Harris Mann takes charge in Longbridge

Harris Mann

By David Benson

“Most cars produced in Britain suffer in style because this is dictated by Detroit and for American tastes,” he said.

“We set out to build a new truly international car, not a scaled down American car, but a car that would have a distinctive flavour and would sell well in this country and Europe. The wedge shape was inspired by Grand Prix cars but it is also very practical as it has been proved on the race track. It gives better penetration through the air and in our case better fuel consumption. I also wanted the car to look firm and eager even when parked at the kerb. It is built with its wheels out to the full width of the body, sitting firmly on the ground rather than pouring over the wheels as American cars do.”

Harris Mann is now enjoying the fulfillment of a schoolboys dream. At 11 he spent most of his time designing cars in his school exercise book. At 16 he started the hunt to get into the car designing business.

“At that time it was very difficult to get any information on how to become a car designer. The normal thing seemed to become an apprentice in the industry. The nearest thing I could find was the Duple firm which makes coach and bus bodies. I enrolled as an apprentice draughtsman. I learned engineering, got involved in special requirements for customers and went down to the workshop to see the drawings being turned into real parts.”

After a short spell in Detroit, then national service and a couple of years with Commer Cars in Luton, Mann joined Ford as a design engineer in the styling department.

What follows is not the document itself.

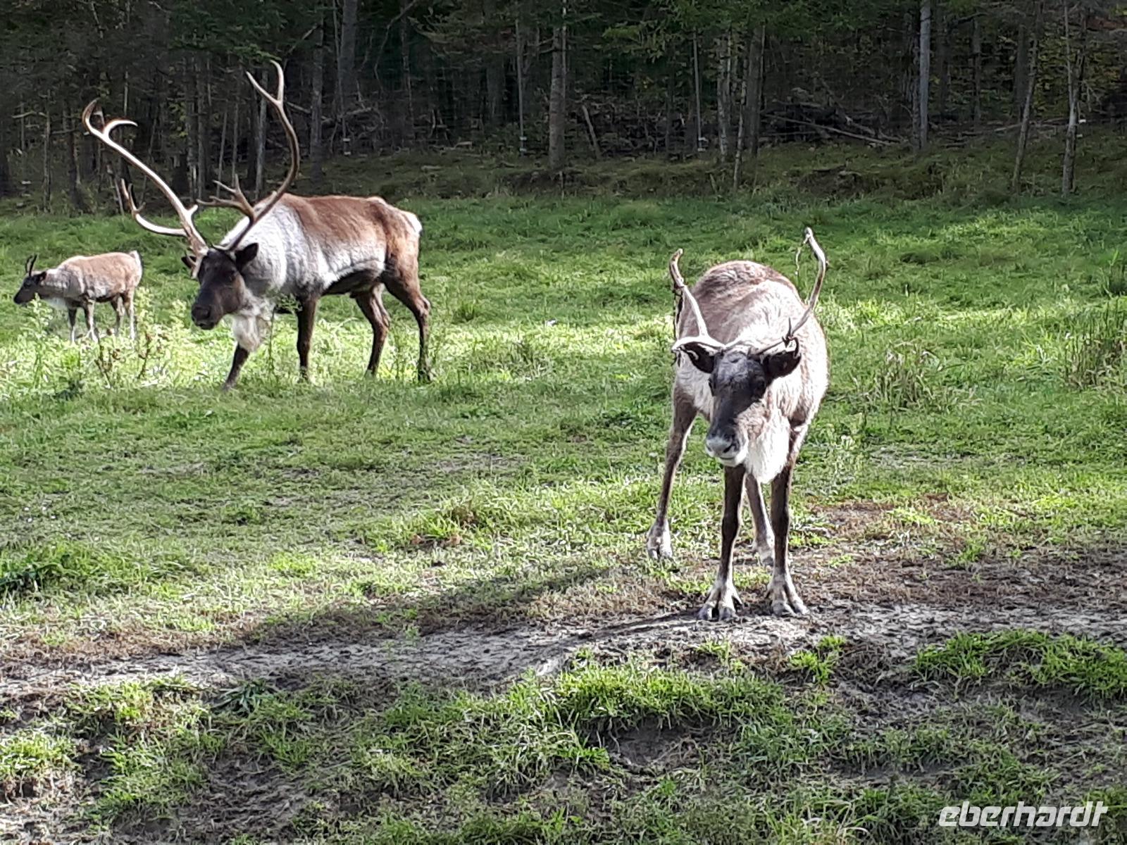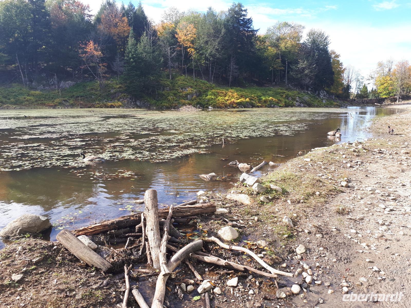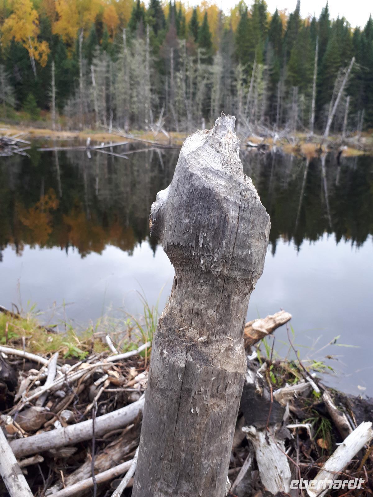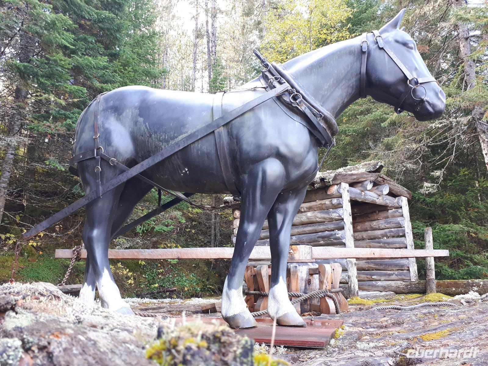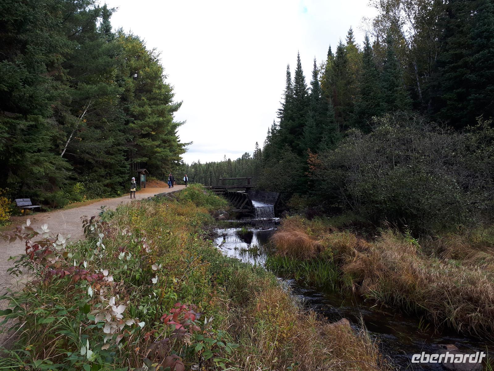 Der Tag überraschte uns mit blauem Himmel und ein paar leichten Wölkchen. Zum ersten Mal sahen wir auf Grund des sonnigen Wetters die unglaublichen Farben des Indian Summer in seiner voller Pracht. Wir fotografierten wie die Wilden, schließlich sollten die Lieben zu Hause auch dieses Wunderwerk der Natur sehen können. Bevor wir den Naturpark verließen, hielten wir noch am Besucherzentrum des Algonquin Parks. Hier konnten wir die heimische Tierwelt nicht nur sehen sondern auch hören und bei einem kurzen Film einen Eindruck über die wunderschönen Landschaften zu den unterschiedlichen Jahreszeiten bekommen.
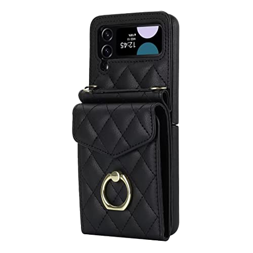 XIMAND Custodia portafoglio per Samsung Galaxy Z Flip 4 con anello e tracolla regolabile, stile elegante e multifunzionale a fisarmonica con 4 scomparti per carte di credito(Nero)

“One day I presented the chief’ stylist with a portfolio of’ car designs and he said I could transfer to styling immediately. It was very good grounding for me. I worked on the Capri right from the original model.”

When his boss left to join British Leyland, he took Mann with him. “It was an attractive move for a stylist, there were so many cars that hadn’t been touched for a long time.”

The first complete car he worked on was the Marina. “We created it as a nice easy step into the market place, nothing that would offend, something simple and honest, something that would sell straight away. I think it was successful in doing what it was planned for.”

Then came the Allegro and the first clashes between engineering requirements and the styling departments. The design chief left and Harris says modestly: “This left me at the top of the pile.”

Keith Adams

8 Comments

  1. Appointing as Design Chief someone who had only worked on one complete car before, the unexceptional Marina – What could possibly go wrong!

    Does seem a strange move, I am sure he was a cheap option, but for a manufacturer with a desperate need to refresh itself, one would have expected the job to go to someone with a track record of success rather than entrust it to someone with such limited experience.

  2. For 1975, the car on the drawing behind Harris was far ahead of its time, in fact it looks like early 80s work!

    • True but remember that the glassy aero cars of the early 80s, were signed off in the 70s, for example the Sierra’s styling was signed off by Ford management in 1978, so no doubt Ford stylists had been penning glassy aero concepts in the mid 70s to create that.

  3. I’ve worked with a number of Design leaders both in uk and overseas. Harris Mann is one of the most genuine and product orientated guys. Not interested in the politics like some I could mention just totally centred on design. My last job with HM was on the Extreme MG ZT at ARA, Leamington Spa.

  4. If you look at the Cars launched in Europe by Ford, GM and Chrysler in the same year as this article – The Chevette, Cavalier, Escort MK2 and the Chrysler Alpine – I dont really see anything that screams Detroit about any of them. All aligned with 70s evolving European tastes, and certainly aligned with buyers tastes more than the Princess did.

  5. A few years later many Japanese cars were looking a lot more European, rather than that strange mixture of scaled down American looks with some uniquely Japanese styling had earlier in the 1970s.

  6. It’s funny with Japanese cars. In the early to mid 60s you had mostly a European look, with the likes of the Datsun Laurel, Bluebird, Silvia and Mazda 1800 amongst others either having strong European vibes or designed by Italian design houses. Then in the 70s they went all Transpacific, with US theme designs. In the 80s, they went all origami which the Europeans had moved on from. It wasn’t until the 90s that Japanese cars started to get closer to the styles of the Europeans, though we didn’t get some of the variations that were available in the land of the rising sun.

  7. Yes the Japanese styles in the 1980s were quite boxy after Europeans manufacturers switched to curvy designes, which weren’t common on Japanese designs until the 1990s.

    Some of the JDM cars even now have some odd styling.